Size of table before VF
Size of table after VF
Space reclaimed
Index space reclaimed (per index)

--Josh Berkus



Re: New VACUUM FULL

From
Takahiro Itagaki
Date:
Alvaro Herrera <alvherre@commandprompt.com> wrote:

> Hmm.  With this patch, if I do "vacuumdb -f" it will not vacuum the
> special system catalogs that can only be vacuumed with INPLACE, correct?

No. It will vacuum normal tables with FULL (rewrite), and system catalogs
with FULL INPLACE. FULL vacuums for system catalogs always fall back to
INPLACE vacuum silently.

But certainly we cannot recommend to use daily database-wide VACUUM FULLs
because they have higher costs than repeated FULL INPLACE vacuums.
FULL (rewrite) will not be cheaper for tables that have little dead tuples.
Just an idea, something like "vacuumdb -f --threshold=<some baseline>"
might be useful for users running daily "vacuumdb -f".

Regards,
---
Takahiro Itagaki
NTT Open Source Software Center




Re: New VACUUM FULL

From
Simon Riggs
Date:
On Mon, 2009-12-07 at 16:55 +0900, Itagaki Takahiro wrote:
> Tom Lane <tgl@sss.pgh.pa.us> wrote:
> 
> > You should take those out again; if I am the committer I certainly will.
> > Such a test will guarantee complete instability of every other
> > regression test, and it's not worth it.
> 
> I read the original comment was saying to add regression tests for
> database-wide vacuums. But I'll reduce the range of vacuum if they
> are not acceptable.
> 
> The new patch contains only table-based vacuum for local tables and some of
> system tables to test non-INPLACE vacuum are not used for system tables.
>     VACUUM FULL pg_am;
>     VACUUM FULL pg_class;
>     VACUUM FULL pg_database;

Thanks for adding those additional tests.
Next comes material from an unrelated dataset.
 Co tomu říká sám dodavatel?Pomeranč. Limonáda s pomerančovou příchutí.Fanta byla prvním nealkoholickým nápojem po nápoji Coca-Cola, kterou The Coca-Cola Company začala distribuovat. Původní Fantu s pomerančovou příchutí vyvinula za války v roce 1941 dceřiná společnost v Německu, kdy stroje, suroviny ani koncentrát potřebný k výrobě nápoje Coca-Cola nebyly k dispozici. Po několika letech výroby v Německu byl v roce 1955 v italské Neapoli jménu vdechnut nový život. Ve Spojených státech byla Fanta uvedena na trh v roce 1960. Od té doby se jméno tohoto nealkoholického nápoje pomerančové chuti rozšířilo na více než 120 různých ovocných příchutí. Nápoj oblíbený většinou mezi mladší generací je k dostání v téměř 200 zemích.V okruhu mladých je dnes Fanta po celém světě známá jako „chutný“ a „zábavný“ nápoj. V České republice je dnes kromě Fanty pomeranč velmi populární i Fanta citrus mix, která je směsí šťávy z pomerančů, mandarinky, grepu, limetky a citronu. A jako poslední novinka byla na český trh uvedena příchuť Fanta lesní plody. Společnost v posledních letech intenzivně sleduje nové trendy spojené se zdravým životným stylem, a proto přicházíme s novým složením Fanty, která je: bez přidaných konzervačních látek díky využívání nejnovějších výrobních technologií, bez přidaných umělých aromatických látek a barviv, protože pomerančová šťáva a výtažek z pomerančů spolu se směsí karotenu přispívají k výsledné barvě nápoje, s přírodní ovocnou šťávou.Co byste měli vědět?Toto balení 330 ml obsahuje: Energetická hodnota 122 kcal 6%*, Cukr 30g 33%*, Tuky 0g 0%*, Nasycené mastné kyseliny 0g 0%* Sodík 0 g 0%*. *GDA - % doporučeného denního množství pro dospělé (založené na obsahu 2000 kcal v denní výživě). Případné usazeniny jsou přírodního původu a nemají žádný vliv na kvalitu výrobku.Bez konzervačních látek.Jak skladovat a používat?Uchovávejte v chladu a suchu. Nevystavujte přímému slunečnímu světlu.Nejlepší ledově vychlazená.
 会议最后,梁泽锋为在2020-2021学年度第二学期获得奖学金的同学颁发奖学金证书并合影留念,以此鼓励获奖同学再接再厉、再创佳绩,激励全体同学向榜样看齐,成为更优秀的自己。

I notice that during copy_heap_data() we make no attempt to skip pages
that are all visible according to the visibilitymap. It seems like it
would be a substantial win to copy whole blocks if all the
pre-conditions are met (I see what they are). I'm surprised to see that
neither CLUSTER nor VACUUM FULL made use of this previously. I think we
either need to implement that or document that vacuum will not skip
all-visible pages when running VACUUM FULL.

Also, I notice that if we perform new VACUUM FULL on a table it will
fully re-write the table and rebuild indexes, even if it hasn't found a
single row to remove. 

Old VACUUM FULL was substantially faster than this on tables that had
nothing to remove. We aren't asking users to recode anything, so many
people will be performing "VACUUM FULL;" as usual every night or
weekend. If they do that it will result in substantially longer run
times in many databases, all while holding AccessExclusiveLocks.

Please can you arrange for the cluster operation to skip rebuilding
indexes if the table is not reduced in size? 

Part of the reason why these happen is that the code hasn't been
refactored much at all from its original use for cluster. There are
almost zero comments to explain the additional use of this code for
VACUUM, or at least to explain it still all works even when there is no
index. e.g. check_index_is_clusterable() ought not to be an important
routine when there is no index being clustered. I'm seeing that the code
all works but that this patch isn't yet a sufficiently permanent change
to the code for me to commit, though it could be soon.

-- Simon Riggs           www.2ndQuadrant.com



Re: New VACUUM FULL

From
Heikki Linnakangas
Date:
Simon Riggs wrote:
> I notice that during copy_heap_data() we make no attempt to skip pages
> that are all visible according to the visibilitymap. It seems like it
> would be a substantial win to copy whole blocks if all the
> pre-conditions are met (I see what they are). I'm surprised to see that
> neither CLUSTER nor VACUUM FULL made use of this previously. I think we
> either need to implement that or document that vacuum will not skip
> all-visible pages when running VACUUM FULL.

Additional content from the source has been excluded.